George> On Mon, 5 Jan 2009 01:10:31 -0800 (PST), Juanjo
George> <juanjose.g...@googlemail.com> wrote:

>> On Jan 4, 4:25 am, George Neuner <gneun...@comcast.net> wrote:
>>> So I would say it's correct for the read and write positions to be
>>> independent - if you want to be certain where you are you need to
>>> track the position and explicitly set when changing between reading
>>> and writing.
>>
>> This is impossible following the Hyperspec because the FILE-POSITION
>> function does not allow you to select which position marker (if there
>> were two) you are updating.

George> You misunderstand.

George> I'm not claiming that a file has 2 position markers (that's beyond the
George> spec).
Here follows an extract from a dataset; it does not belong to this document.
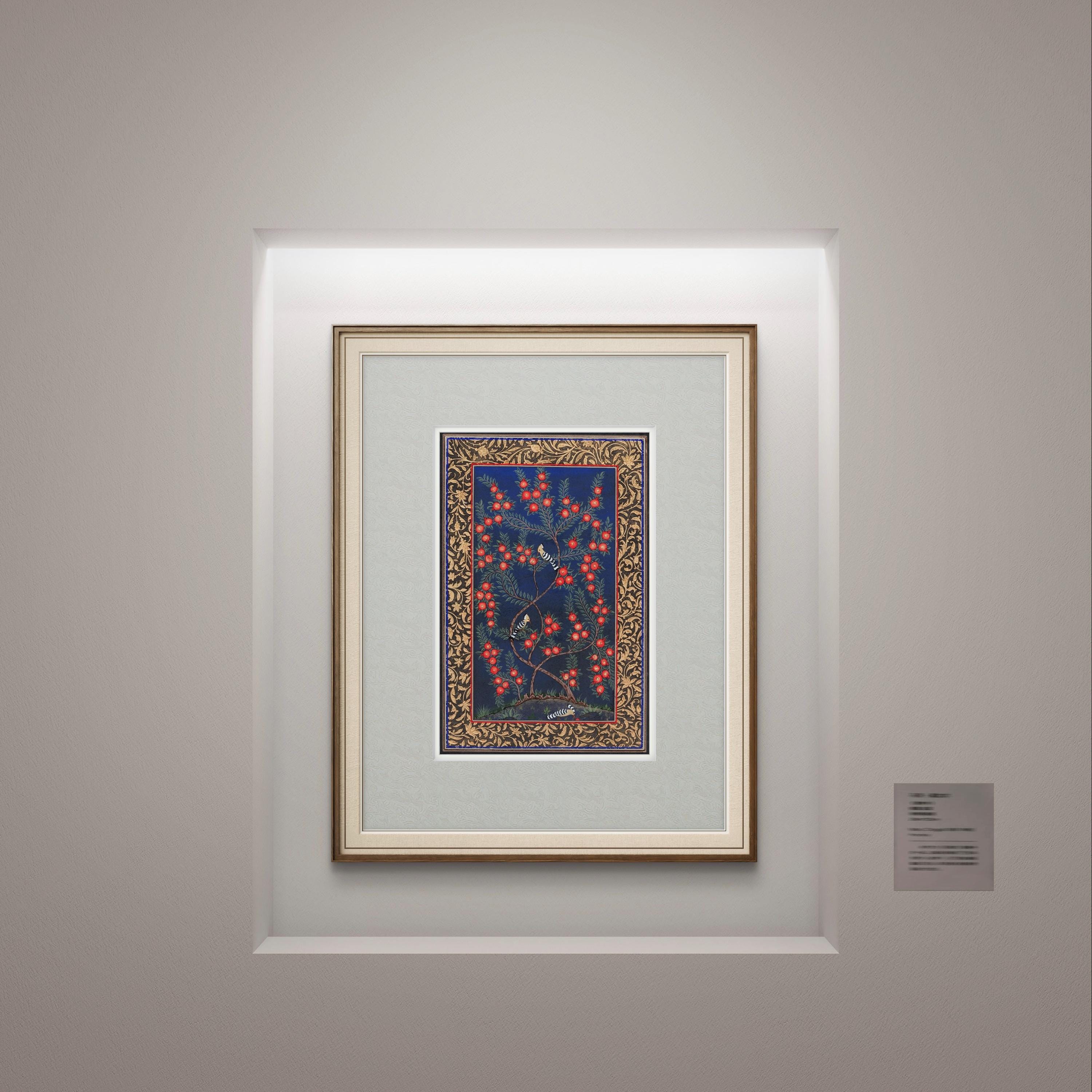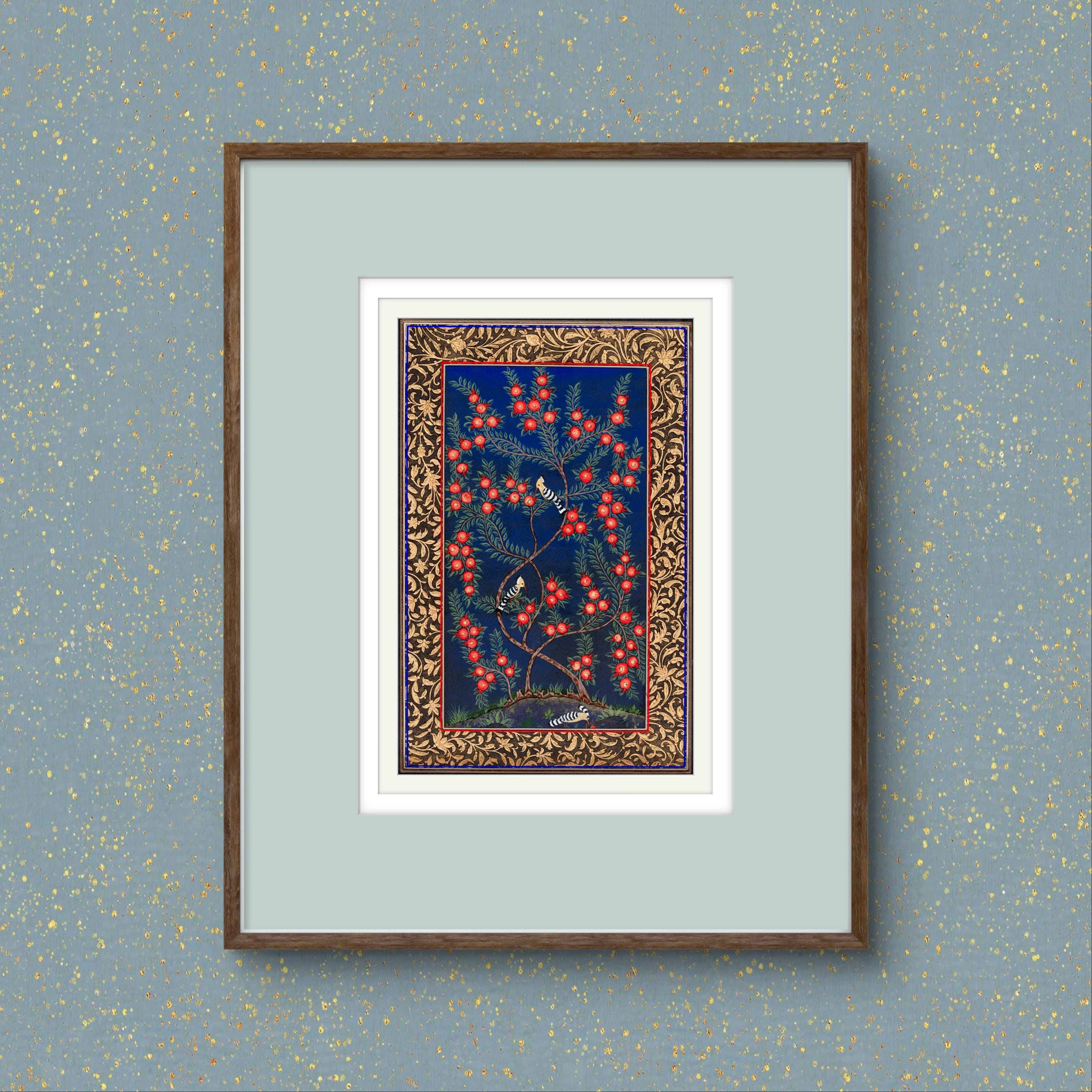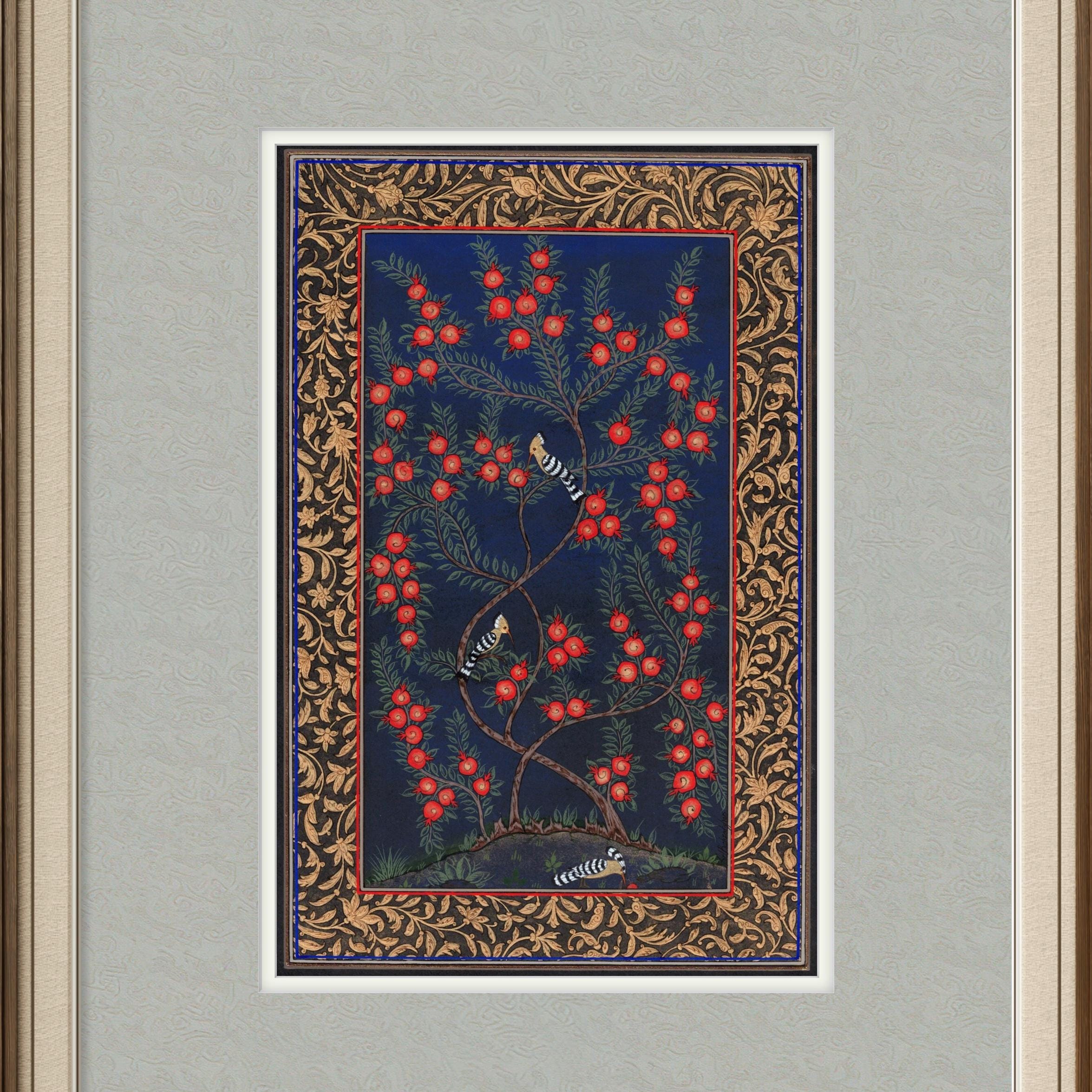 “Tree of Paradise: Pomegranates and Hoopoe Birds” captures the essence of spiritual beauty, the interconnectedness of life, and the serene balance of nature, all encapsulated in the timeless art of miniature painting.

What I am saying is that it seems clear that a bidirectional
George> stream *may* have both read and write position markers and that the 2
George> markers are not necessarily tied together. That makes sense because a
George> stream can be bound to things other than files, e.g., sockets, pipes,
George> IO channels, etc. for which independent read and write makes sense.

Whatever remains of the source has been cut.